Ahem, Cindy....Kauai in 9 days?!?!?! Don't forget to visit the hippies:


----------



## Maggies mom (Jan 6, 2006)

Beautiful Pictures Maribeth.... Love the horses! Ummmmmmmmmmm Next time some golden girl pictures.


----------



## missmarstar (Jul 22, 2007)

Aww there is nothing sweeter than a little newborn horse... I am loving all the pics of them lately


----------



## Finn's Fan (Dec 22, 2007)

Maribeth, that little filly is adorable! She does look like she needs some groceries, but presumably momma is supplying the necessary. Dad looks like a rascal!


----------



## BeauShel (May 20, 2007)

All I can say is Gorgeous!!! Love all of them small and large.


----------



## Oaklys Dad (Dec 28, 2005)

Fantastic pictures. Those foals are gorgeous. How come horse babies have full length legs at birth and golden are born with little stumps of legs? :


----------



## LuckOfTheGold (Aug 1, 2008)

beauitful horses and foal


----------



## coppers-mom (Jan 9, 2009)

Looks like quite a nice crew you have there. I hope the foal continues to thrive.


----------



## Pointgold (Jun 6, 2007)

Pretty filly! Feed momma up good and she'll produce more milk. 
What a place for an "escape". Love it!


----------



## arcane (Sep 18, 2007)

I love the photos! thanks for sharing!
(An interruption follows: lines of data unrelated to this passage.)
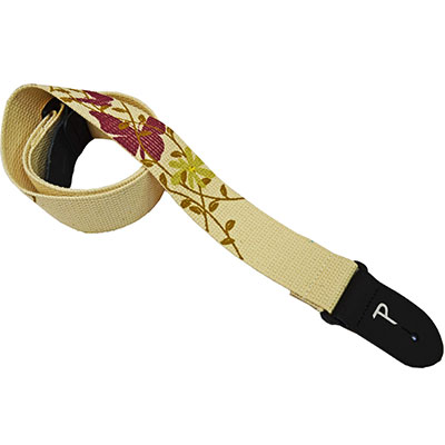 厚手のコットン素材のギターストラップ。手書き風イラストのプリントがオシャレなアイテム。ストラップの長さはスタイルに合わせて簡単に調整できます。
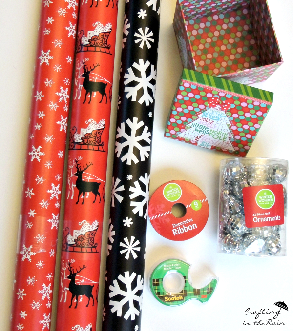 So you saw yesterday how I was already getting excited for Christmas cookies. Today I’m working on some Christmas gifts, and have some easy ideas for both gifts and gift wrapping. First off, we head to Big Lots.
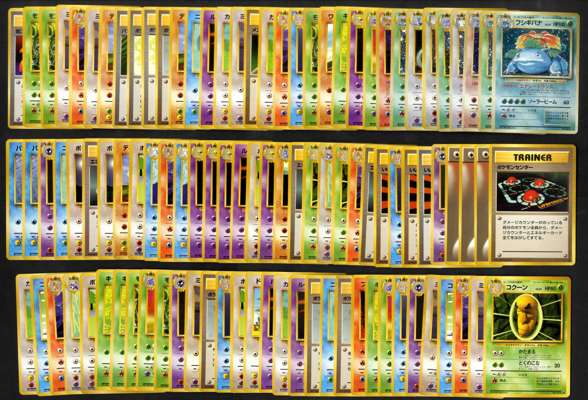 This lot contains a bulk lot of 144 Japanese Vintage cards from Base Set to Gym Challenge. Please be aware when bidding that this set contains duplicate cards. The holos have some standard warping to them that is common for cards this age.
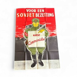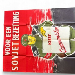 | Omschrijving | Een 20e eeuws affiche met tekst ‘Voor een Sovjet bezetting Kiest communisme’. Uitgegeven in 1956, aan de onderzijde opschrift ‘Vrede en vrijheid’. Originele tekst was ’Russische bezetting’, overheen geplakt. Ontwerp ‘SK’ |

Looks like a wonderful place to kick back and relax!


----------



## moverking (Feb 26, 2007)

Pointgold said:


> Pretty filly! Feed momma up good and she'll produce more milk.
> What a place for an "escape". Love it!


We'll be down there every weekend for the next 4-5, plus the rest of the family is making pitstops through the week. Momma is getting mare & foal feed, plus sweet feed and good hay. 
Baby is nursing frequently, from what I read, every half hour is typical. And I can see milk bubbles when she nurses at the side of her mouth. 
Sheesh....she's just too cute for a lil filly....:smooch:


----------



## bwoz (Jul 12, 2007)

Wow beautiful


----------